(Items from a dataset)

>>>>

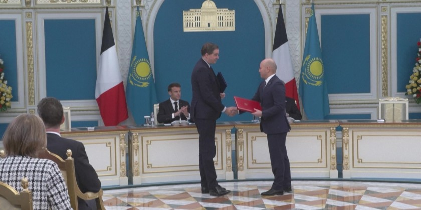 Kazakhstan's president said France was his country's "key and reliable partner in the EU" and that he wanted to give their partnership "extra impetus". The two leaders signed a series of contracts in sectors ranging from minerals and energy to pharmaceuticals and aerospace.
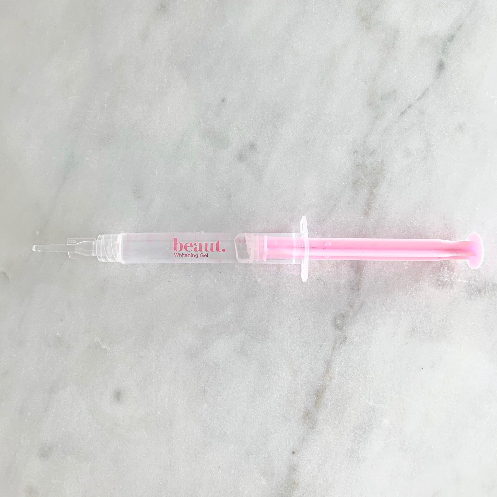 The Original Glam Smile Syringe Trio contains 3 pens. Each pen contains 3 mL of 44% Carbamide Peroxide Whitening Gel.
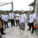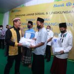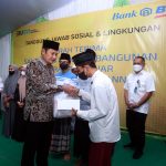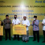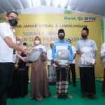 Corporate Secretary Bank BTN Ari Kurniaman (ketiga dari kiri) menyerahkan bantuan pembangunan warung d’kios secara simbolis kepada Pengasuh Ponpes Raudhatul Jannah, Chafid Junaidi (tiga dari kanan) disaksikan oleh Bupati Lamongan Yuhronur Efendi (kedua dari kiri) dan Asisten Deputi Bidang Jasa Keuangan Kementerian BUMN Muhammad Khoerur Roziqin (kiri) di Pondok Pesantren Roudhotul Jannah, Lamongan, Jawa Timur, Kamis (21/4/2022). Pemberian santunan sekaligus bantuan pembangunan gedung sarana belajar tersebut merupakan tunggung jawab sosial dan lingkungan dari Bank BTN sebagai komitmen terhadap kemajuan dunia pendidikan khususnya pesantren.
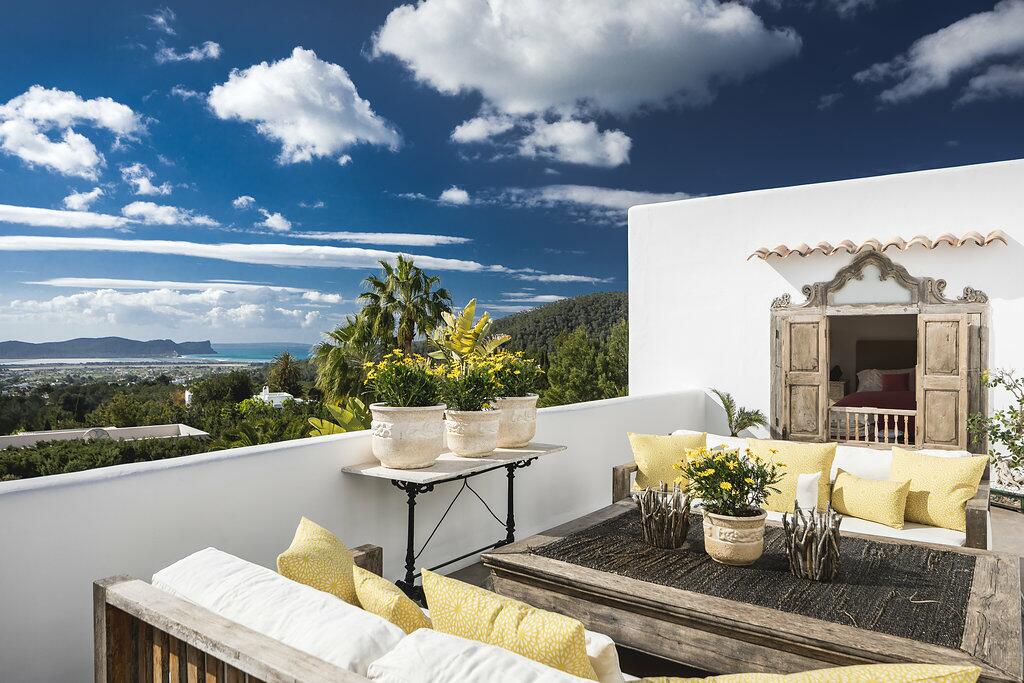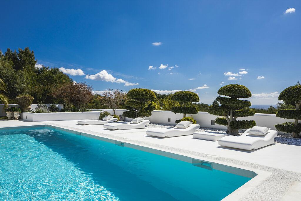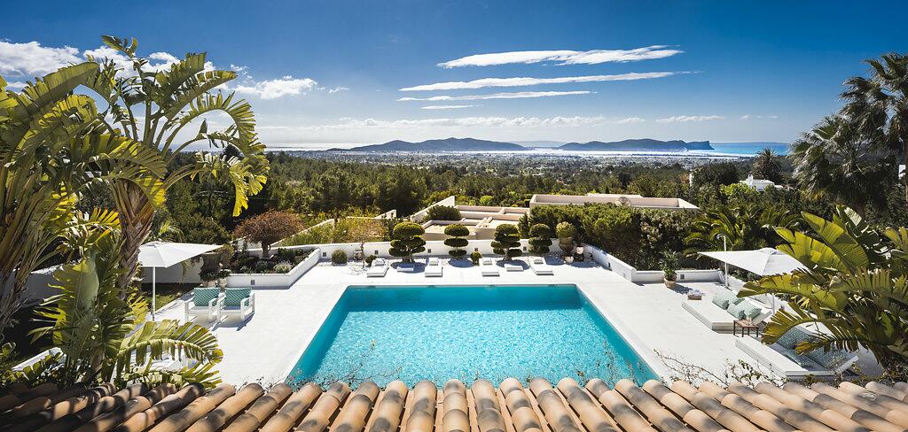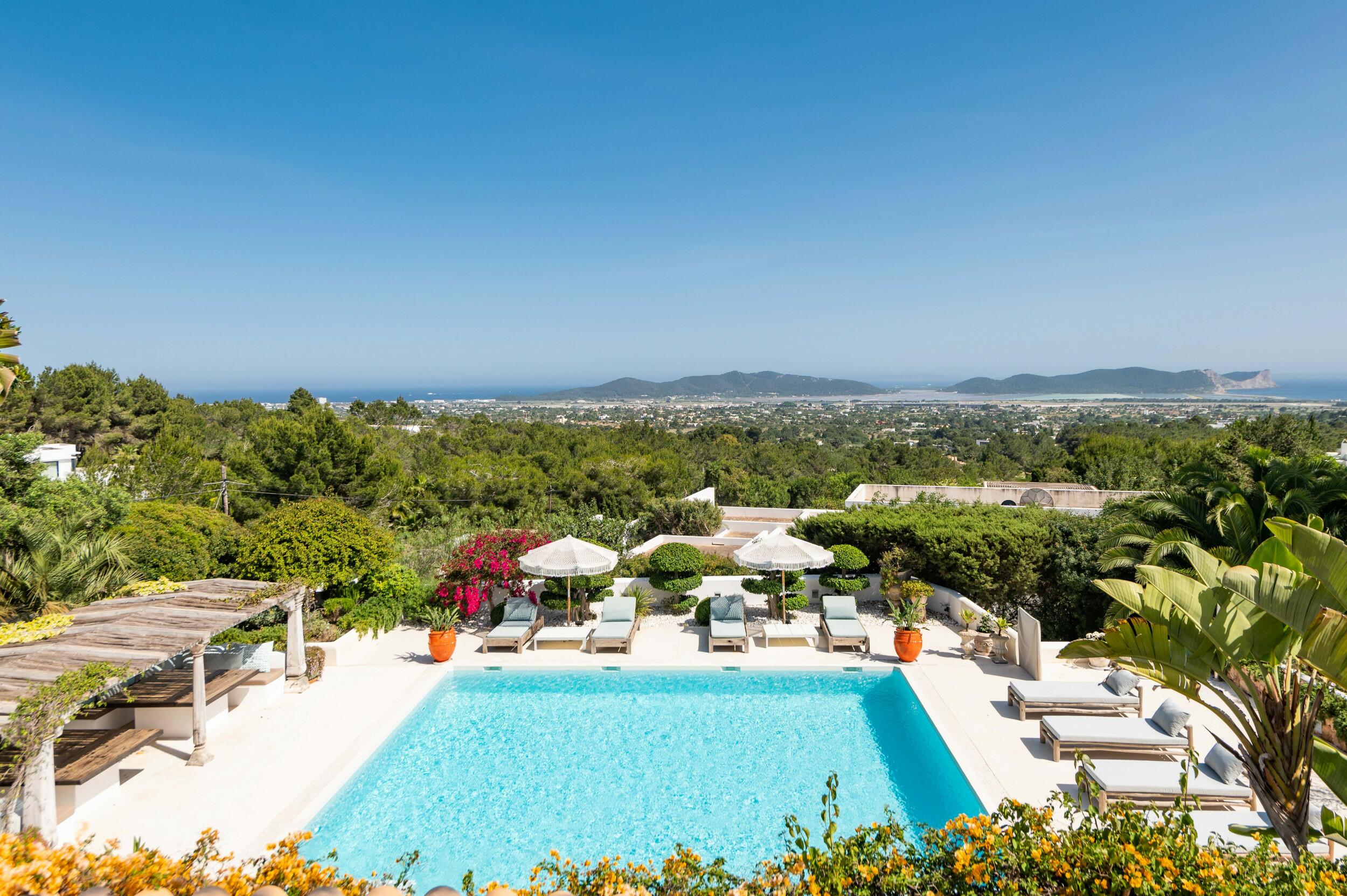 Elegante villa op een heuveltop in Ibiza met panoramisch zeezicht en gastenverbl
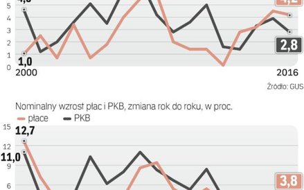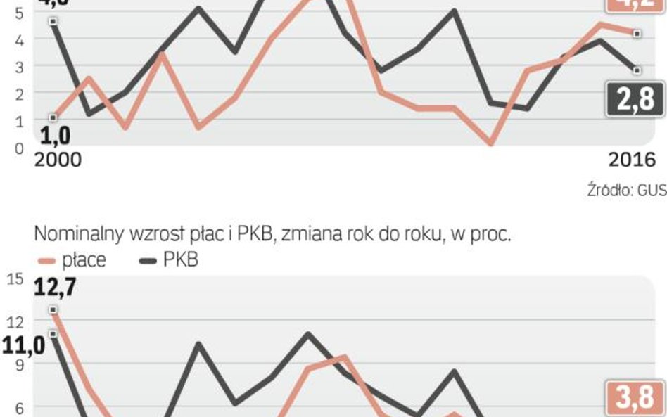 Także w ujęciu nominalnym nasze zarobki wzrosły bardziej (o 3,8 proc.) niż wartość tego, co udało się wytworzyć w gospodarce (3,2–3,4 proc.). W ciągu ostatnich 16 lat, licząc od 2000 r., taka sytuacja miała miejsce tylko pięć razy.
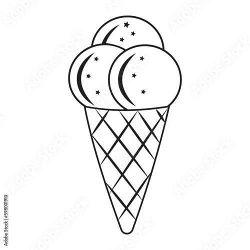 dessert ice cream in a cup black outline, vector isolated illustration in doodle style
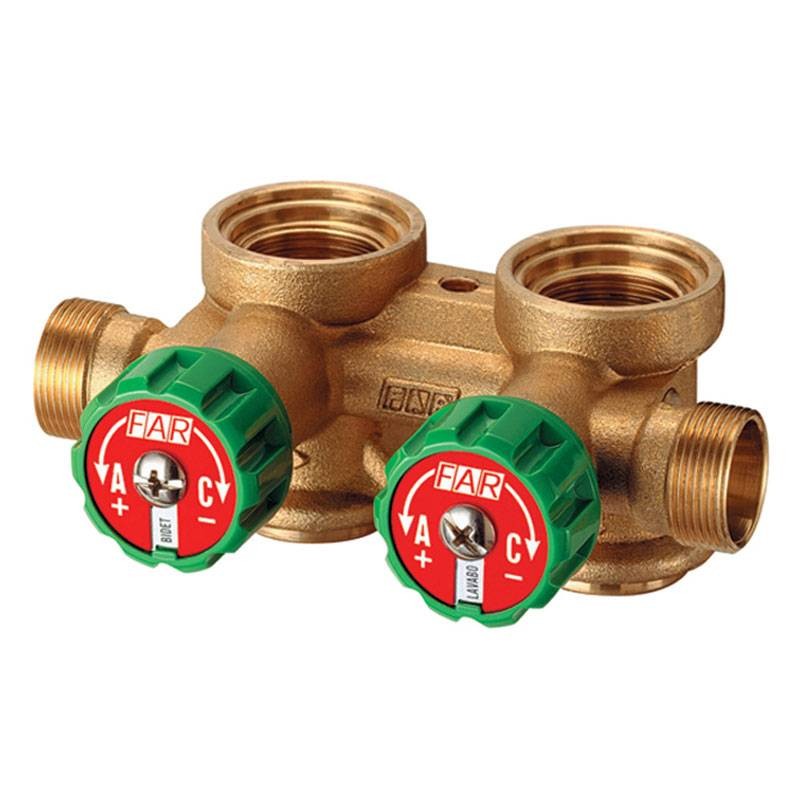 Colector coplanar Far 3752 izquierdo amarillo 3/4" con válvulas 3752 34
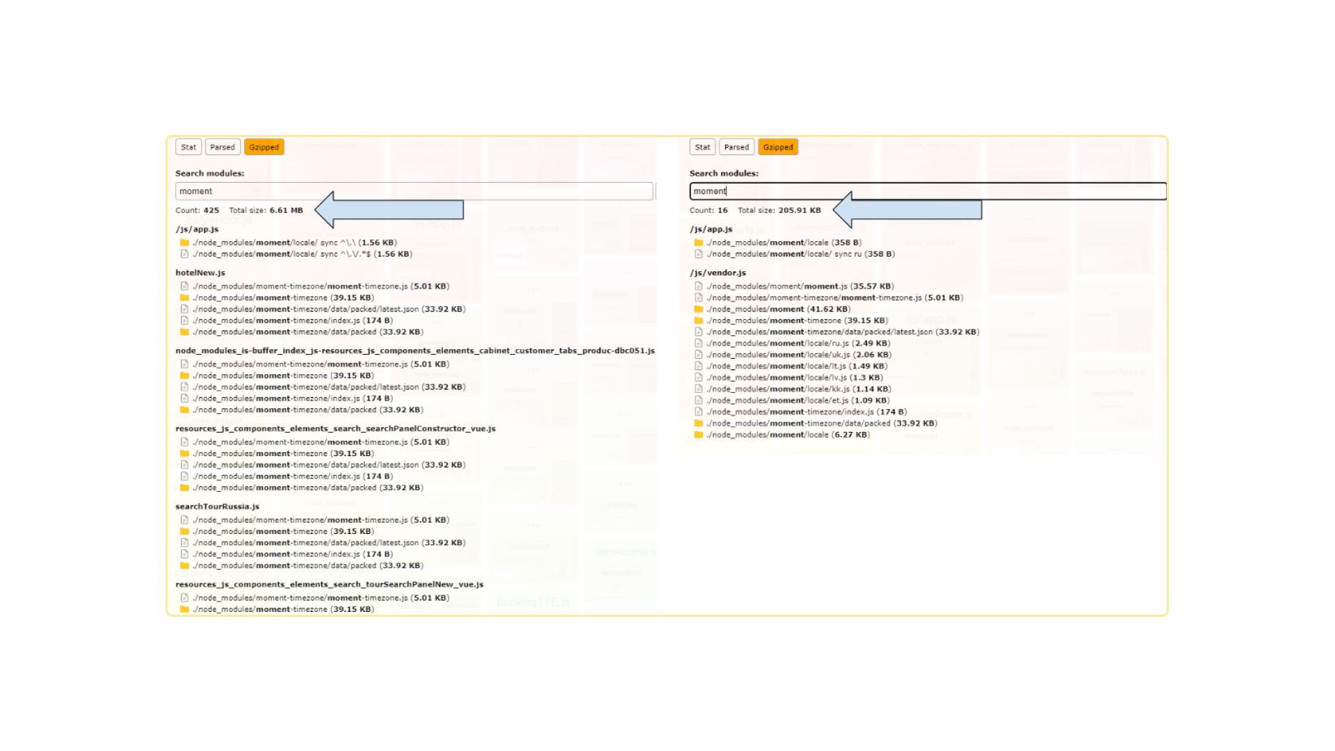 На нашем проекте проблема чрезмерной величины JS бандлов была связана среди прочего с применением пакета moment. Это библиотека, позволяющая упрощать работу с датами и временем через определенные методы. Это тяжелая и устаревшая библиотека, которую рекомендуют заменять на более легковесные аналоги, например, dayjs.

<<<<

Restate, word for word, each line from the one with "Elegante villa op" to the end of the entries, both included, and keep every picture out.

 Elegante villa op een heuveltop in Ibiza met panoramisch zeezicht en gastenverbl
 Także w ujęciu nominalnym nasze zarobki wzrosły bardziej (o 3,8 proc.) niż wartość tego, co udało się wytworzyć w gospodarce (3,2–3,4 proc.). W ciągu ostatnich 16 lat, licząc od 2000 r., taka sytuacja miała miejsce tylko pięć razy.
 dessert ice cream in a cup black outline, vector isolated illustration in doodle style
 Colector coplanar Far 3752 izquierdo amarillo 3/4" con válvulas 3752 34
 На нашем проекте проблема чрезмерной величины JS бандлов была связана среди прочего с применением пакета moment. Это библиотека, позволяющая упрощать работу с датами и временем через определенные методы. Это тяжелая и устаревшая библиотека, которую рекомендуют заменять на более легковесные аналоги, например, dayjs.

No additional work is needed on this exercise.